Partner Sylvie Gallage-Alwis and Associate Gaëtan de Robillard discuss the first court decision recognising the Covid-19 pandemic as a force majeure event, in the context of a debate between the key French electricity suppliers on the disputed Regulated Access to Historic Nuclear Electricity, in Legal Week.
Sylvie and Gaëtan’s article was published in Legal Week, 31 August 2020, and can be found here. A version of this article was published in Reuters, 9 September 2020.
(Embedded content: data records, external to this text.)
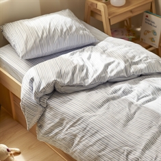 Schaffen Sie eine helle und ruhige Atmosphäre im Kinderzimmer mit dieser schönen Baby-Bettwäsche von By Mats in Weiß mit blauen Streifen. Das einfache und nordische Design verleiht einen weichen und harmonischen Ausdruck, der sowohl in moderne als auch in klassische Einrichtungsstile passt.
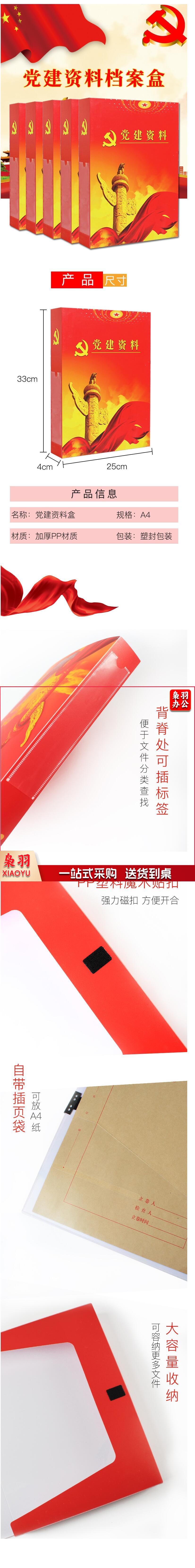 党建档案盒 红色塑料党建文件盒 33*25CM 侧宽40mm 加厚塑料文件资料盒
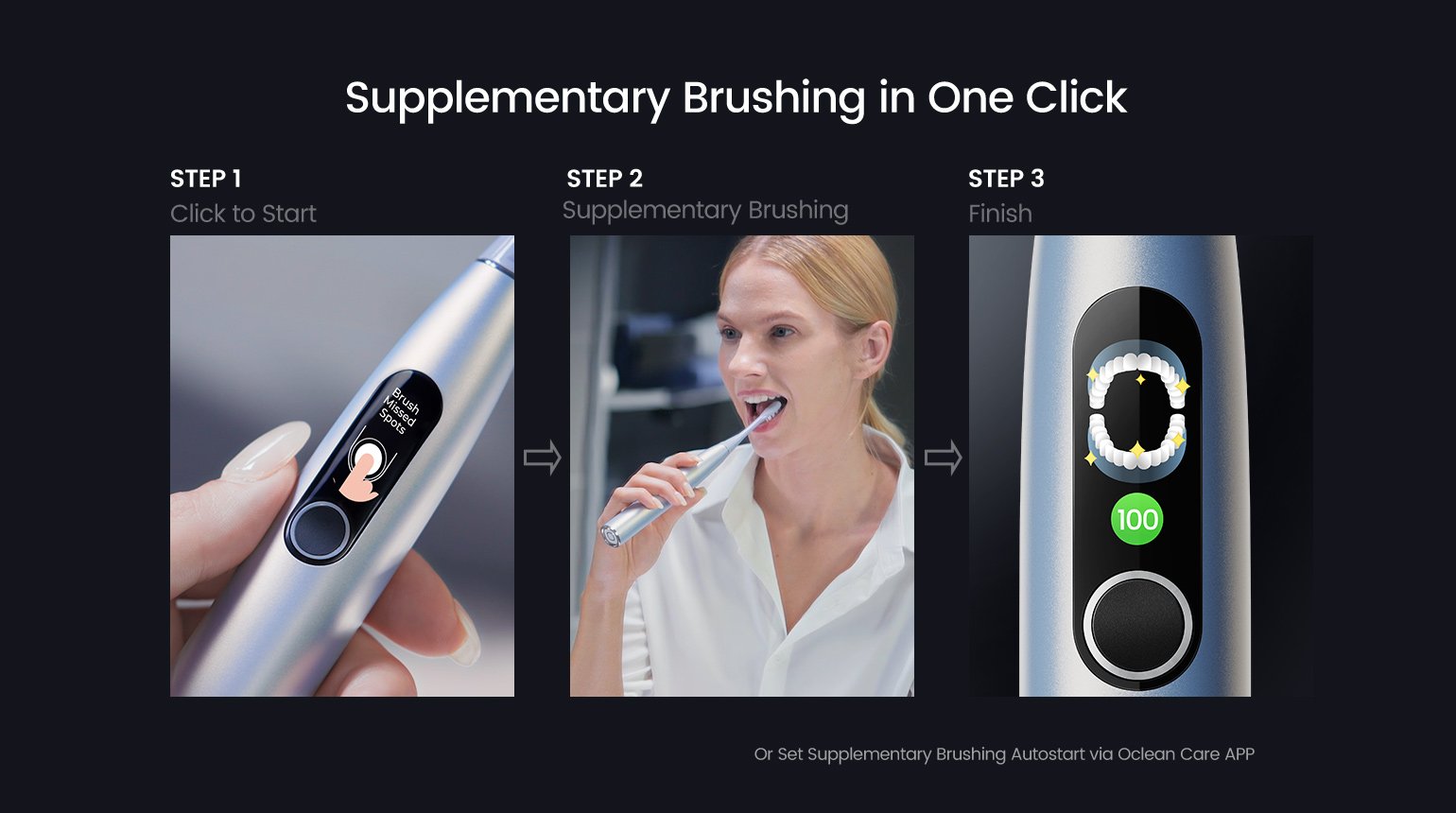 *Oclean Care+ APP 提供指导,通过指导个性化您的清洁,指导您刷牙的方式、时间和地点。
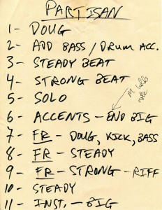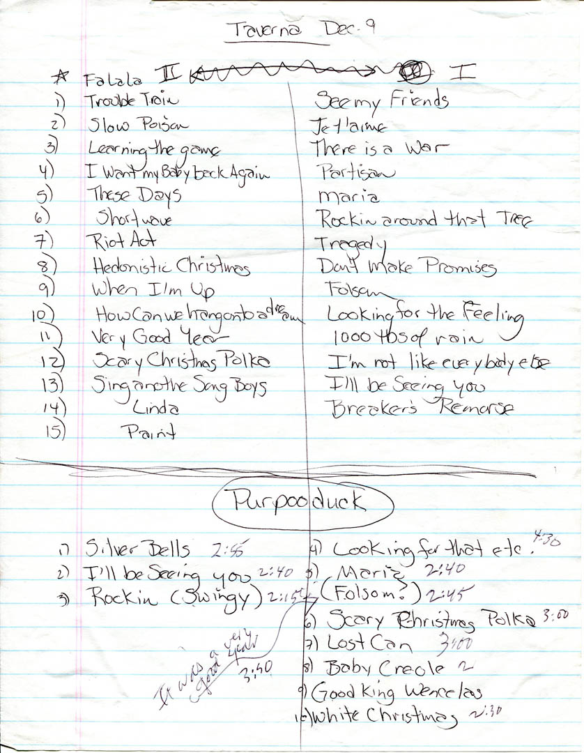 A Taverna setlist in Gretchen's handwriting. Hubley Archives.

It is in the context of a debate between the key French electricity suppliers on the disputed Regulated Access to Historic Nuclear Electricity (i.e. a scheme that entitles suppliers to purchase electricity from Electricité de France (“EDF”) at a regulated price, in volumes determined by the French energy regulator) that the first court decision recognising the Covid-19 pandemic as a force majeure event was rendered.
In substance, the dispute related to the implementation of the force majeure clause contained in the Framework Agreement concluded between Total Direct Energie (“TDE”) and EDF for the purpose of suspending their respective obligations under the said agreement as a result of a “significant decrease in consumption“.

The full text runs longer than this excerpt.